Garden Green, Leek & Ricotta Tart with Hazelnut Crust

10:00 am on 17 September 2021

 

Garden Green, Leek & Ricotta Tart with Hazelnut Crust

Garden Green, Leek & Ricotta Tart with Hazelnut Crust Photo: Gretchen Houston

This would have to be one of my favourite recipes. I make for new baby gifts, new home gifts, picnics, make ahead meals - you name it. The pastry is rich and buttery so slightly difficult to work with but I have a way of handling it so read on! Any greens and herbs will do, just use the ricotta filling as a base.
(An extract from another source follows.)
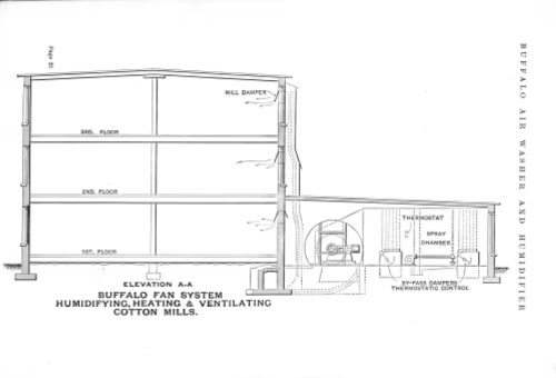Компанията Buffalo Forge продава „Апарата за третиране на въздух“ на Carrier на Chronicle Cotton Mills в Белмонт, Северна Каролина, и го прилага към вентилационната система на мелницата. Това е била първата промишлена система за овлажняване на „централна станция“.

Sub leeks out for onions if you wish and any toasted nuts for the pastry are fine too.

Ingredients

Hazelnut pastry
1/2 cup hazelnuts, toasted
1 2/3 cups flour
1 tbsp sugar
1 teaspoon sea salt
125g butter, cold and cubed
2-3 tablespoons ice-cold water

Garden green and leek filling
2 leeks, chopped
3 tablespoons olive oil
1/2 tsp chilli flakes
1 1/2 tsp fennel seeds
5 cloves garlic, minced
6 cups spinach (or other greens like kale or silverbeet)
250g ricotta
1 cup parmesan, grated
1.5 cup herbs, chopped (e.g parsley, coriander, basil)
Zest of 2 lemons
2 eggs

Method

Pastry
Add the toasted hazelnuts to a food processor and pulse until fine. Add flour, sugar, and salt, and pulse. Add cubed butter and pulse until butter is pea-sized. Drizzle in cold water and pulse a few times until the dough just comes together.
On a floured surface, shape the dough into a flat disk, wrap and place in the fridge for at least 30 minutes (or up to 2 days). It freezes well for 3 months too if you want to make a few batches ahead.

Filling
Heat a large frypan on medium-low and add olive oil. Add leeks, plenty of salt and black pepper, chilli flakes and fennel seeds. Cook about 8-10 minutes until leeks are soft. Add garlic and cook another minute, being careful not to burn.
Add garden greens along with a splash of water and continue to cook for another 8-10 minutes. You can cover but make sure the liquid has evaporated. Set aside to cool slightly.
Meanwhile, place the ricotta, parmesan, herbs, lemon zest, and eggs in a large bowl and mix well. Add the cooled leek/spinach mix and stir through.
Preheat the oven to 190C regular. (i.e. not fan bake)
Remove the dough from the fridge and let it rest for at least 10-15 minutes (so it's rollable). Meanwhile, cut a piece of baking paper to fit onto a baking tray. Place on your benchtop and sprinkle with flour.
Roll your  dough out on top of the baking paper to a size of 20 x 30 cm. Carefully lift and place on your baking tray before adding the filling.
Transfer the greens and leek mixture onto your dough, leaving about 5 cms along the edges. Gently lift a section of the dough up and around the filling using the baking paper to assist.
Place in the hot oven and bake until the crust is starting to brown (about 25 minutes). Reduce the heat to 160C and continue to bake until the crust is fully browned and the filling is set (about 20 minutes).
Remove from the oven and allow to cool slightly before tucking in.